There are games, and then there is Halo. Microsoft’s video game empire consists of toys, soda, an upcoming film and millions of gamers who are willing to wait in line at midnight to play a game before anyone else. Everything imaginable, from french-fry boxes to a Pontiac G6, has been silk-screened with the Halo logo. The hype is so inescapable that, when the third entry in the series was released last week, my mother called me to ask if it was any good. How could any game possibly live up to a marketing campaign that has reached someone who wouldn’t know an Xbox from a typewriter?Can advertising hurt a product?
From a sales perspective, absolutely not. Two million gamers lined up in the wee hours of the morning to purchase Halo 2 in 2004, and it would be foolish to think that number would be any smaller for Halo 3 in 2007. To the men and women of Microsoft’s marketing department, the only thing that matters is numbers; numbers of copies sold, numbers in the magazine review scores, and numbers of people who will continue to subscribe to Microsoft’s online service to play the game.

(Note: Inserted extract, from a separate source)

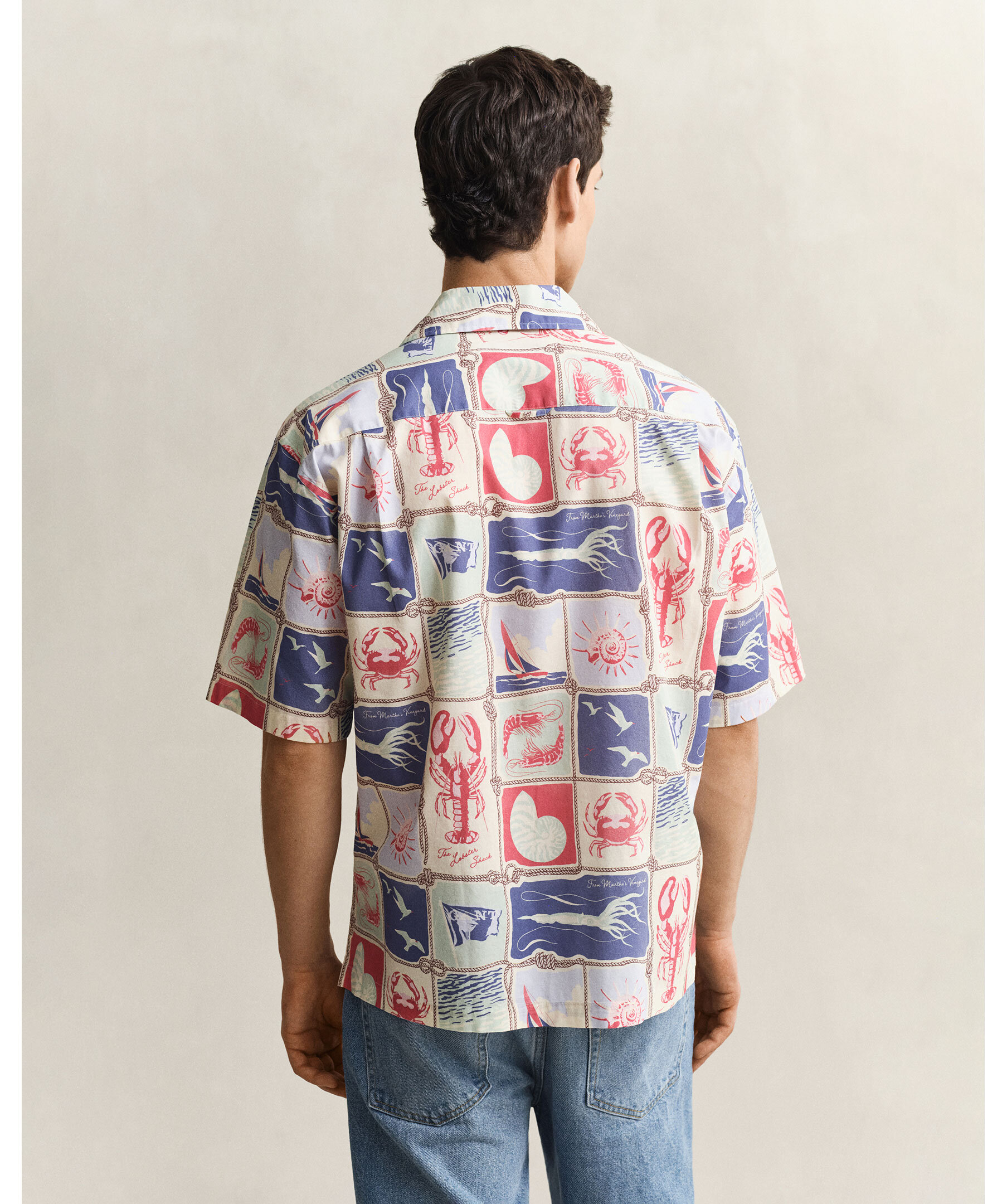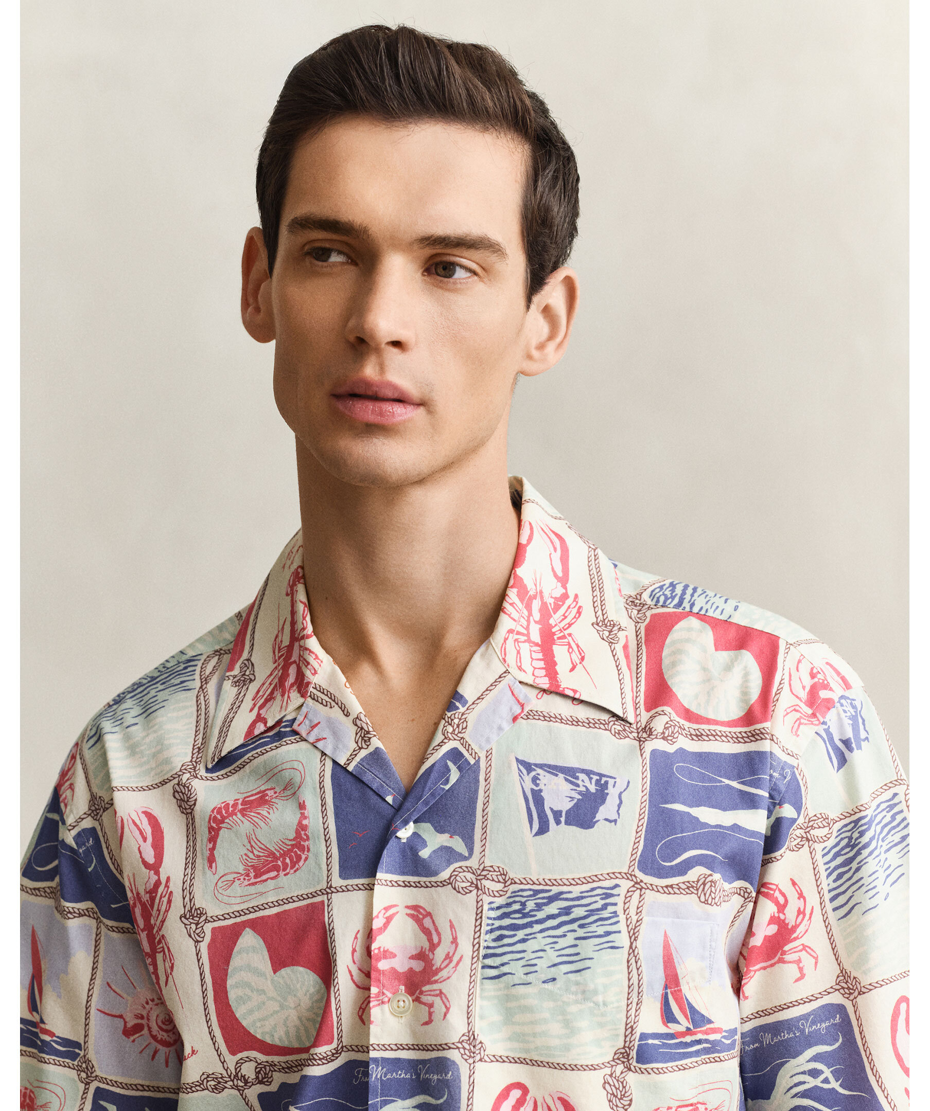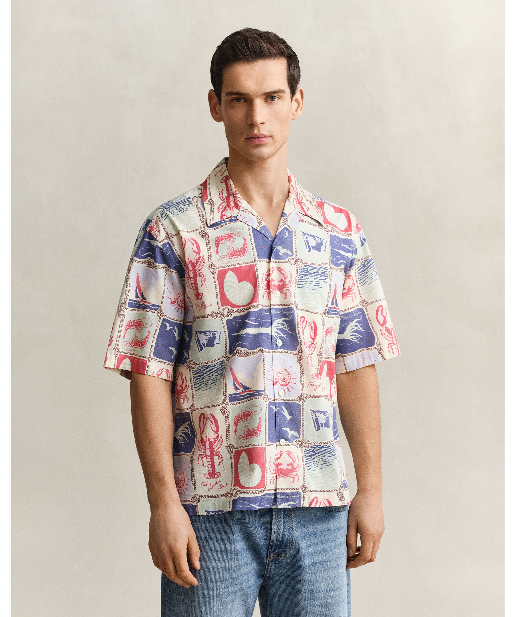 Kortärmad skjorta från Gant. Tillverkad i bomullspoplin med ett nautiskt tryck och har en avslappnad passform.

But to people such as myself, who were lined up this past Monday like a depression-era bread line, the hype can be off-putting: never have I felt more like a demographic than the afternoon I stopped at the 7-Eleven to buy a Halo flavored Slurpee.
In the past year, I’ve witnessed three different television commercials, a free online game, and a series of live-action vignettes on YouTube, every one emblazoned with the tagline: “Finish the Fight.” My friends quizzed me about new weapons, new vehicles, the story, and the characters, all revealed through magazine interviews and minutia that required fans to pour over the official trailers frame-by-frame, to extract every minor detail. I was exhausted with Halo 3 before the game was released.
It’s a matter of feeling pandered to. Somewhere, there is a woman or man who knows what soda I like to drink, what games I like to play, and what books I like to read. They are all too eager to construct an elaborate fictional universe for me to get lost in, or slap a picture of Master Chief on a bottle of corn syrup and call it ‘Gamer Fuel’, so long as I go out and buy their game. Normally an informed consumer, I found myself wanting to play Halo 3 not because I thought it would be fun, but because all my friends would be talking about it after they beat it. We needed to “Finish the Fight.”
And now I’ve finally played the game. I’m already halfway through. Is it really halfway over? After all that waiting?
The situation is analogous to the Harry Potter phenomenon: people, overcome with the spectacle of marketing campaigns and midnight launches, rush their new baby home and consume it so fast that they hardly taste it on the way down. In the following weeks, online message-board flame wars flicker, die, and start anew. Pranksters try to spoil the ending for as many people as possible. What used to be termed a media circus is now completely governed by the population at large: we create our own media circus, and the professional media covers it.
Ultimately, I’m resigned to the fact that there will be hype. It’s effective, and it’s good marketing sense. But my advice to anyone who enjoys books, movies, music, whatever you have a passion for: don’t believe the hype. Find a journalist who loves the movies you love, or a friend who reads the books you read, and see what they have to say. The best kind of hype is word of mouth from someone you trust. To answer my mother’s question: Yes, Halo 3 is very good. But it’s not that good.